Home entertainment systems do not have to be ridiculously costly. When it is related to purchasing one, RX-V385 is an optimal affordable alternative. It continues to be prevalent in the brand’s highly regarded home theater products, which I will describe in this Yamaha RX-V385 review. Despite the lack of advanced features that came after 2018 (the year this model was released), this is a good entry-level device.
Features and specs
The RX-V385 isn’t a very forceful receiver, but with 70W per channel (8 Ohms, 20Hz-20kHz, 0.09%, 2ch), you can be sure that if you have a small room, the power of this model will be more than enough. The Bi-amp feature is also a great addition to the system.

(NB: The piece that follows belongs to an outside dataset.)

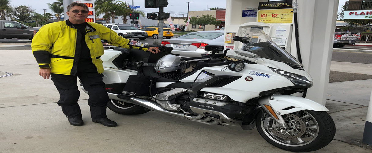 San Diego Beach to Jacksonville Beach I purchased a new 2018 Honda Gold Wing Tour DCT motorcycle in March of this year and I restarted my thinking about a Cannonball Run coast to coast ride right away. I wanted to see how fast I could complete the ride but knowing that the new Gold Wing has a speed limiter of 112 MPH I was pretty sure it would not be a record attempt ride. This ride like many of my previous rides is again more about endurance than speed. Yes, I did ride a little over the speed limit ( not as much as you may think ) but the most difficult part of the ride was being able to ride coast to coast nonstop. I do like to push the envelope on what I can do and I have always found that we as humans are more capable than we give ourselves credit for. The new Gold Wing really performed great in all conditions and I could not break it no matter how hard I tried. One of my objectives of this ride was to see how well the Gold Wing performed and how well it withstood being run hard all day and all night. On September 29, 2018 I attempted a 2,370 mile coast to coast ride starting in San Diego Ocean Beach riding to Jacksonville Beach. I completed the ride in 29 hours and 23 minutes. I rode pretty much nonstop except for gas and bio breaks. I had one 30 minute stop while I waited for some food at a truck stop. I had been planning this ride for a few years and I had a lot of planning into this ride. My original plan was to ride coast to coast to coast and try and pretty much ride nonstop in both directions. I had all of the panning in place and a friend, Dan Thaler, was going to ride with me. The day before, Wednesday, that we were leaving for our ride my work asked me to be in San Diego for the week following the ride to start a new contract. So my first thought was ok, we will attempt the coast to coast to coast ride arriving back home on Sunday evening and then I will fly back to San Diego on Monday morning so I bought a ticket to fly back and continued with our plans. We started the ride Thursday, September 20, 2018 at 3:00 AM in Jacksonville Beach as planned. On the ride out we were taking a little longer than I had hoped due to weather and lots of construction and as we neared the west coast I was thinking more and more how dumb it would be to ride to San Diego and turn around and ride back knowing I need to be back in San Diego 2 days later. I started thinking that if something happened on the return ride I may not make it back to San Diego on time and the work in San Diego was important as I was starting a new project that was going to extend my contract for another year. As we crossed the California state line I decided to stay in San Diego and I would ride back at the end of the week when the work was finished. We completed our coast to coast ride in 32 hours and 7 minutes which is a great time for riding across the country as not many people have been able to complete the ride in that short of time on a motorcycle. Of course I was thinking I could do better. I worked all week in San Diego while Dan continued his ride after a 7 hour layover in San Diego. Dan made it back to Jacksonville Beach in pretty quick time. My wife flew out to spend the week with me in San Diego to keep me company and she had never been to San Diego before and always heard how beautiful it was. Coast To Coast Ride PlanningI had a custom auxiliary fuel tank built by Boyd Welding ( great welder & great price ) that had a capacity of 4.8 gallons to go along with the stock 5.5 gallons of the 2018 Gold Wing that would give me a range of around 325 miles at highway speeds. After testing I felt this was not enough auxiliary fuel if I was running a little above the speed limit. ;) so I had another auxiliary fuel tank built by Boyd Welding that has a capacity of 5.7 gallons which gave me a total of 11.2 gallons ( under the Iron Butt Rally limit of 11.5 gallons ) and a range of around 350+ miles between fuel stops at a good speed. I needed better auxiliary lighting so I contacted Clearwater Lights and made arrangements to purchase the Sevina's LED lights with a total of 14,000 lumens that would really light up the road especially in the dark areas of the ride. I knew that these LED lights would come in handy in west Texas, New Mexico and Arizona and along the gulf coast where my ride planning had me in the middle of the night. I was able to connect their light controller to my high beam headlight switch so the Sevina LED lights would switch to 100% when I turned on the high beams. This was a big help in making enough light to ride at speed in the middle of the night along my route. Where there are many creatures that jump out in to the road. The new Gold Wing has built in navigation on a 7 inch screen and it also has for the first time on a motorcycle Apple CarPlay. Just before the start of our ride Apple released iOS 12 and that allowed the use of Google Maps and Waze with Apple CarPlay. I also mounted my Garmin Dezl 770 and Garmin BMW NAV 6 GPS's to assist me with route navigation and timings. I developed my route in Garmin Basecamp and loaded all of my GPS's and I also loaded the route in Google My Maps by importing a KML file. This would allow me to use Google Maps in Apple CarPlay during the ride and take advantage of the Google traffic and other notifications along the route. I also loaded all of my planned stops into Waze as favorites so I could use Waze on my ride and get notifications of debris in the road, parked vehicles on the shoulder and police along my route. I wear Aerostich gear, Darien Jacket and AD1 pants because they are really waterproof and provide great protection in the event something happens and this gear came in handy on both the ride to San Diego and the return coast to coast ride back to Jacksonville Beach as it rained damn hard on the ride to San Diego and it rained for about 200 miles on the return coast to coast ride back to Jacksonville Beach. I bought a new Valentine 1 radar detector

RX-V385 specifications include a 3.5 mm analog input jack, which can be used to connect most external devices to the receiver. There is also a microphone port for the YPAO function, 4 HDMI input ports, one output port, and terminals for 5 speakers. All HDMI ports are HDCP 2.3 with 4K support.
Since this is a budget model, it comes with basic surround sound formats, and for the most part, you need to stick to the default settings, being a 5.2-channel AVR. It does not support DTS:X or Dolby Atmos. V385 has the same Cinema DSP function as other Yamaha receivers. This is a well-known Yamaha feature that, using advanced algorithms, can accurately imitate any setting. The RX-V385 features also include Virtual Cinema DSP, allowing you to enjoy surround sound even if you don’t have the necessary speakers. By the way, Virtual Cinema FRONT and Silent Cinema can also be found on board.
WAV, MP3, WMA, and MPEG-4 AAC formats are supported. 48kHz/16bit is the highest frequency. This Yamaha receiver, in the range of mid- and a bit above-mid-volume levels, is highly successful at preserving overall sound balance. All of the qualities tend to be positive up to the mid-range, including intense highs and lows. If the volume is turned all the way up, the sound quality gets worse.
There is no built-in Wi-Fi, and the only additional connectivity option is Bluetooth 2.1+EDR system. All Bluetooth connections have a very clear and dynamic sound.
The sound is very large and natural when watching movies and in stereo mode. Wide stereo panorama is provided thanks to the improved audio return channel. “Rampage” allowed the 385 to display its dynamic range. The dialogue was accurate and clear. The amp easily managed the stressed last fight. My subwoofer came to life in just over a half hour, with the 385 delivering plenty of bass. Despite this, the receiver demonstrated outstanding spatial sensitivity by filling my perceptual area with sounds from the displayed fight.
Next, I took “Mortal Engines” for a test. Again, the Yamaha 385 impressed with its capacity to fill the room’s space with sound. If the equipment has a problem, it’s that the receiver may struggle in a wider area. When driven to its limit, the amp struggled to keep its volume up.
- Channels: 5.1.
- Power output: 70W/8 Ohm.
- HDMI inputs/outputs: 4/1.
- Video functions: 4K/60Hz pass-through, upscaling up to 4K.
- Bluetooth/Wi-Fi: yes/no.
- Streaming services: has not.
- Supports: HDMI ARC, HDMI eARC, HDMI CEC, HDCP2.3, HDR10+, Dolby Vision.
- Surround sound: Dolby Digital Plus, DTS HD Master, Dolby TrueHD.